Small for gestational age (SGA) offspring exhibit reduced hypothalamic neural satiety pathways leading to programmed
hyperphagia and adult
obesity. Appetite regulatory site, the hypothalamic arcuate nucleus (
ARC) contains appetite (NPY/AgRP) and satiety (
POMC) neurons. Using in vitro culture of hypothalamic neuroprogenitor cells (NPC) which form the
ARC, we demonstrated that SGA offspring exhibit reduced NPC proliferation and neuronal differentiation.

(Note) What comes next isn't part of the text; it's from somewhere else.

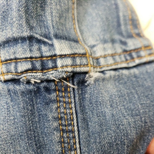 No stains, fray or tears. Light wear just below the right thigh pocket and the hems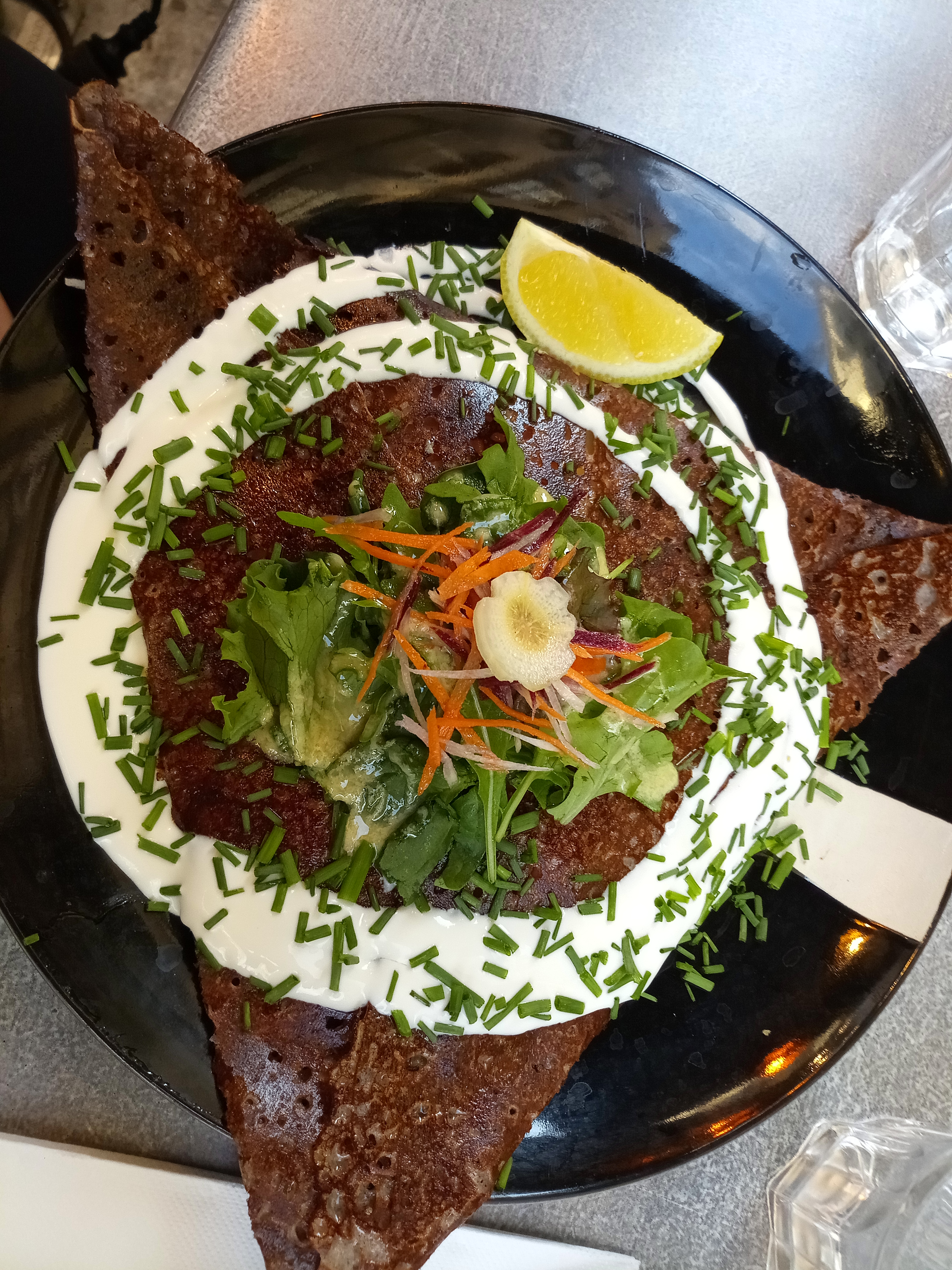 Les crêpes sont très belles, bonnes et copieuses. Les recettes sont originales et variés. Néanmoins il y a peu d'options végétariennes ce qui est dommage... De plus nous avons demandé à emmener notre dessert dans un doggy bag ce qui nous a été refusé, il me semble pourtant que c'est obligatoire de le proposer !

bHLH protein Hes1 promotes NPC self-renewal and inhibits differentiation by repressing neuronal differentiation genes (Mash1, neurogenin3). We hypothesized that Hes1/Mash1 and ultimately
ARC neuronal differentiation and expression of NPY/
POMC neurons are influenced by
SIRT1 which is a nutrient sensor and a
histone deacetylase. Control dams received ad libitum food, whereas study dams were 50% food-restricted from pregnancy day 10 to 21 (SGA). In vivo studies showed that SGA newborns and adult offspring had increased
protein expression of hypothalamic/
ARC SIRT1 and AgRP with decreased
POMC. Additionally, SGA newborns had decreased expression of hypothalamic neurogenic factors with reduced in vivo NPC proliferation. In vitro culture of hypothalamic NPCs showed similar changes with elevated
SIRT1 binding to Hes1 in SGA newborn. Silencing
SIRT1 increased NPC proliferation and Hes1 and Tuj1expression in both Control and SGA NPCs. Although SGA NPC proliferation remained below that of Controls, it was higher than Control NPCs in the absence of
SIRT1 siRNA. The direct impact of
SIRT1 on NPC proliferation and differentiation were further confirmed with pharmacologic
SIRT1 inhibitor and activator. Thus, in SGA newborns elevated
SIRT1 induces premature differentiation of NPCs, reducing the NPC pool and cell proliferation.